The rule requires district courts “to specify those material facts that are and are not
subject to genuine dispute and explain their materiality.” Id. We find that the District
Court’s cursory reference to the “factual issues of motivation and rebuttal” fails to meet
the specificity required by Forbes.
Griffin-El’s retaliation claims arose in different contexts, and different defendants
interacted with Griffin-El in different ways and at different times. For instance,
Appellants Scarpati and Thomas are sued based solely on their search of Griffin-El’s cell
and seizure of certain items, an event that occurred before any grievance was even filed
by Griffin-El. The District Court did not provide any analysis of the facts that are unique
to the First Amendment retaliation claims asserted against Scarpati and Thomas.

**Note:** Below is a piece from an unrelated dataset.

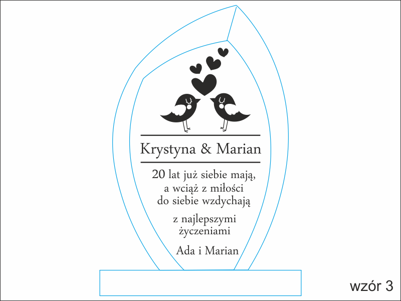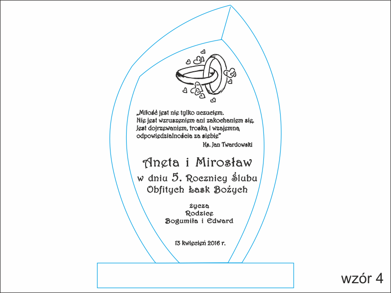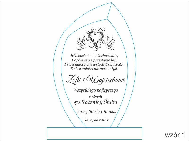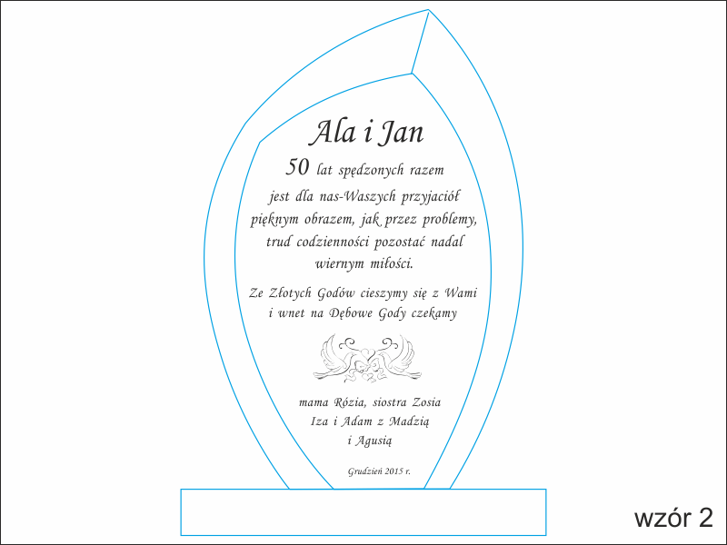Istnieje możliwość graweru dedykacji wg indywidualnych ustaleń i projektu uzgodnionego z klientem lub wg jednego z wzorów.

Appellant Pallott is sued based upon a vote that could have resulted in the revocation of
Griffin-El’s single-cell status, but it is not clear that her vote had that effect. Moreover,
she disclaimed knowledge of any of the purported First Amendment protected activity
that Griffin-El asserts was the motivating force for her vote. The District Court did not
address these matters in its opinion. Other Appellants’ alleged retaliation springs from
different conduct with respect to the alleged First Amendment protected activity. The
District Court’s reference to “issues of motivation and rebuttal” simply does not enable
7
us to engage in the requisite defendant-specific review of the District Court’s blanket
denial of qualified immunity.
We will therefore vacate the District Court’s denial of summary judgment on the
basis of qualified immunity and remand for the District Court to specify, in compliance
with Forbes, which material facts, if any, preclude qualified immunity as to each
Appellant. On remand, the District Court should ensure it analyzes separately the
specific conduct of each Appellant in determining whether Griffin-El has “adduced
evidence sufficient for a factfinder to conclude that a reasonable public official would
have known that his or her conduct had violated clearly established constitutional
rights.” 2 Grant, 98 F.3d at 118.
III.
For the reasons set forth above, we will vacate the portion of the order denying
Appellants’ motion for summary judgment on Griffin-El’s First Amendment retaliation
claims, and remand for the District Court to address the qualified immunity issue in
accordance with this opinion.
2
We are sensitive to the burden we impose on the able District Court where, as
here, a plaintiff sues a host of individuals. But each state actor is entitled to have the
defense of qualified immunity considered in the context of his or her specific conduct in
determining whether there is indeed a genuine dispute of fact material to the question of
whether “it would be clear to a reasonable officer that his conduct was unlawful in the
situation he confronted.” Saucier, 533 U.S. at 202.